The proof here is based on the Diophantine decision problem, and is substantially more complicated than the previous ones presented. It is not possible to explain all here, and this sketch omits the most difficult steps, but the general idea can be conveyed.
The (unsolvable) Diophantine decision problem, also known as Hilbert's 10th problem, is that of determining whether a polynomial with integer coefficients has positive integer roots. This can be translated into a travel problem wherein the equation has roots if and only if there is a solution to the travel problem.
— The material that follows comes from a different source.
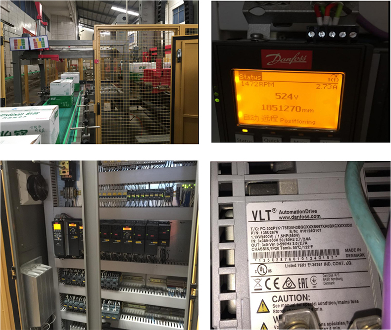 這次在東莞市莞怡食品飲料有限公司(生產(chǎn)怡寶品牌飲用水)的紙箱堆垛機(jī)上選用的丹佛斯 FC302+IMC 方案,通過現(xiàn)場實(shí)際運(yùn)行證明 IMC 定位控制功能加上帶有編碼器反饋的異步電機(jī)拖動系統(tǒng),可以很好的達(dá)到原設(shè)備的功能和生產(chǎn)要求,客戶也對丹佛斯 FC302 系列變頻器高性能表現(xiàn)給予了強(qiáng)烈的肯定。

If there is a solution, the number of fares in the solution in each of various different classes matches the roots of the polynomial. In general the count of fares in a class represents the numerical value of a variable or expression: the reduction does unary arithmetic with fares. The flight network is used to ensure that at least one fare in each input variable fare class must be used. The sum of all positive terms will be represented by the number of fares in class P, and the sum of all negative terms by the number of fares in class N. By giving P and N fares rules that force them to combine with each other in two-fare-component PUs, it is guaranteed that a solution only exists if the equation sums to zero.
Since addition can be expressed in the reduction definition (by expanding the class of fares that represents an expression), the key issue in this proof is whether it is possible to express multiplicative constraints on fare counts, such that any valid solution must have number of fares of type Z precisely equal to the number of fares of type X times the number of fares of type Y.